Advertising ROI Forecasting

ML Linear Regression

Project Outcomes:

We will train a Linear Regression model using advertising expenditure and sales data to identify which advertising channels provide the highest return on investment (ROI). Additionally, we aim to determine which channels exhibit the most predictable relationship between money spent and sales generated (forecasting reliability).

Linear Regression models the mathematical relationship between one or more features, and a continous output. The model will create a linear line that allows us to forecast feature-to-output relationships for input values not in our original data.

After feeding our data to the linear regression model, we can retrieve a scatterplot, trendline graph, and feature importance graph.

Scatterplots showing the relationship between advertising spend by channel and resulting sales.

The top row displays observed data, and the bottom row shows predictions generated by the linear regression model.

We can quickly see that TV advertising has a more clear positive correlation with sales compared to Radio and Newspaper.

According to our model, Radio has the strongest positive correlation between money spent on advertising and sales, followed by TV, and then Newspaper.

The trendline and importance graphs may make it seem like Radio is the clear-cut best advertising option, but there is a little more nuance to the situation than is immediately apparent. When retrieving the R2 score and MSE, we find out that while Radio has the highest ROI on average, TV advertising is by far the most consistent.

Conclusion

In terms of positive correlation between money invested and sales, advertising through Radio provides the highest ROI. However, the model's R2 score and MSE indicate that its predictions for TV advertising ROI are much more reliable than those for Radio and Newspaper.

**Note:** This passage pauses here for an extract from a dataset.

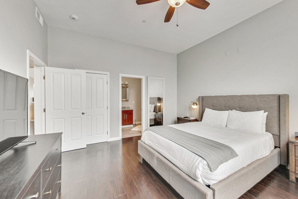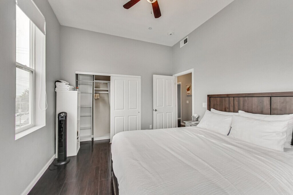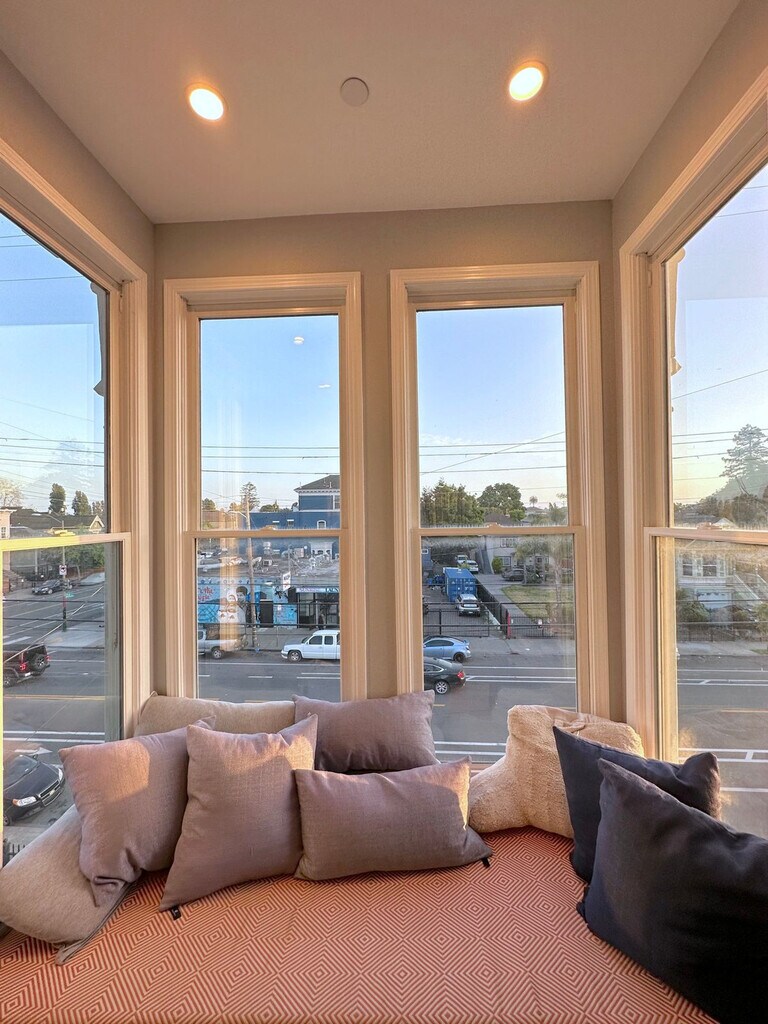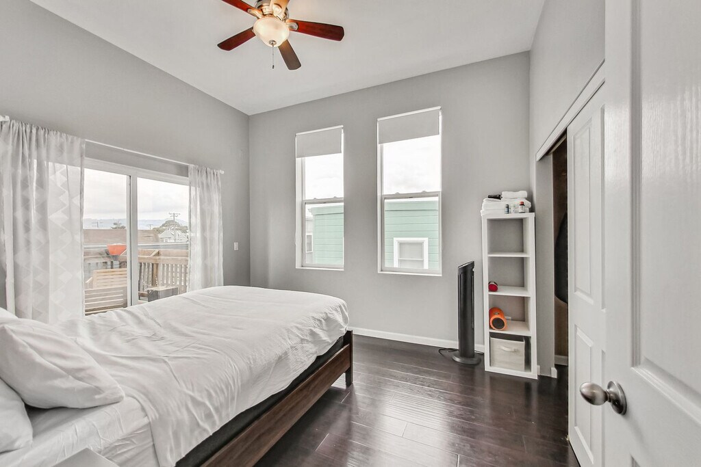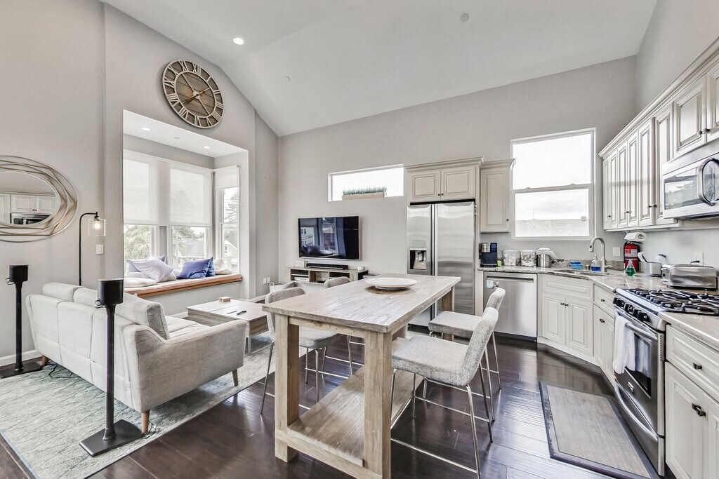 Situated in the up-and-coming West Oakland neighborhood, this home offers easy access to San Francisco via freeway or BART. Newly painted with beautiful hardwood floors and high ceilings, the house features a large open concept living, dining, and kitchen area, making it a comfortable home base for your vacation or work trip. The property is on the top level of a three-story house, requiring climbing a significant number of stairs, including a large flight from the ground level to the entry door and a long flight inside to the flat. The property is fenced and equipped with a gate with an electronic lock. The front of the unit boasts an open concept living, dining, and kitchen area, furnished to create distinct dining and living spaces. A sofa faces the UHD TV and is equipped with a Sonos sound system. The dining table seats four, with an additional sitting area behind the sofa providing two more chairs for larger groups. The shared bathroom is located at the top of the stairs next to the washer and dryer. The master bedroom, located at the end of the hallway, features a walk-in closet and an en-suite bathroom with a walk-in shower. The shared bathroom includes a shower over tub. Premium designer linens and towels, coffee and tea, and Kiehl's bath and body products are provided. Located in West Oakland, a historically working-class neighborhood, the area is filled with industrial warehouses, ornate Victorians, and new condo developments. The neighborhood's proximity to Emeryville, Berkeley, and San Francisco via the San Francisco–Oakland Bay Bridge and BART makes it a central location with warmer weather than San Francisco. Within walking distance, you'll find a lively farmer's market every Sunday morning, Kowbird fried chicken, Horn barbecue, Kilovolt coffee, and rock climbing at the old Pacific Pipe warehouse. The West Oakland BART station is about an 11-15 minute walk from the condo. Common sense is encouraged in this up-and-coming area, as surroundings can be dirty at times and there can be incidents of crime. Do not leave valuables in your car, and if your car has a trunk, leave the seats folded down to show the trunk is empty. Pay attention to your surroundings and avoid being distracted on your phone. A digital guidebook with information about the house and neighborhood will be sent with your check-in instructions. Enhanced cleaning and sanitation procedures have been implemented, which increases the total cleaning fee rate. [SI]
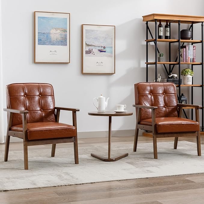 Okeysen Accent Chairs Set of 2, Mid Century Modern Accent Chair, Retro Wood and Leather Armchairs Side Chair, Lounge Reading Comfy Arm Chair for Living Room, Bedroom, Office(Brown)

This suggests that while Radio's ROI may be higher on average, the actual ROI seen is subject to quite a bit of variance and unpredictability. For this reason, TV advertising may be more practical for its reliability and comparatively robust ROI.

Overall

Radio: Unpredictable, highest ROI on average, viable but unreliable

TV: Predictable, 2nd highest ROI, most practical option, but not as high a "ceiling" as Radio advertising

Newspaper: Unpredictable, lowest ROI, least practical of the 3 advertising methods

MSE: The lower the number, the less variance between model predictions and true values (very far off calculations are weighed more heavily)

R2: Accuracy of the variance our model predicts. The closer to "1" the closer to 100% accurate. R2 of 1 means that the spread in the data is perfectly predicted

Notably, the statistics for TV show that its linear relationship with sales is much clearer and more reliable than those for Radio and Newspaper

Additional Experiment 1: Modeling Linear Regression for each Channel Individually

Interestingly, when compared to our first experiment, we can see that the model predicts the ROI for Newspaper to actually be higher than TV when advertising expenditure is between 0-400 (but outperformed by TV after that point). ROI for Radio is predicted to be much higher than our first experiment. However, it should still be noted that the R2 score and MSE remain unchanged when compared to our first experiment, so the previous assertion that Newspaper advertising is the least viable still holds true.

According to this model, interestingly, Radio ROI on average is so much higher than TV ROI that the unpredictability may be worth it.

Additional Experiment 2: Scaling Using StandardScaler

The feature importance graph shows that Radio advertising has the strongest influence on the model's sales predictions. This means that our model assigns Radio advertising spending as the strongest predictor for sales.

Using StandardScale allows us to scale our data so that the model more accurately detects which channels have the greatest impact on final sales.

ROI trendlines are very similar to those of our first experiment, with the major point of difference being the importance scores assigned to each channel. TV has by far the highest, while Radio sits much lower, and Newspaper doesn't have any importance at all.

This experiment better portrays which features are more reliable indicators of sales. While Radio has a higher potential ROI, TV is much more reliable, similar to the conclusion drawn in our first experiment.

Revised Conclusion:

As we initially thought, TV advertising is the most consistent and predictable, and therefore, the most viable under most circumstances, supported even better when taking into account our scaled importance scores from additional experiment 2. Radio advertising might yield a higher ROI, but is overall much less consistent and difficult to predict, so risk is also high. Newspaper advertising is mostly irrelevant. If a level of inconsistency and risk is deemed ok for an advertising campaign, going with Radio advertising will almost always yield better results.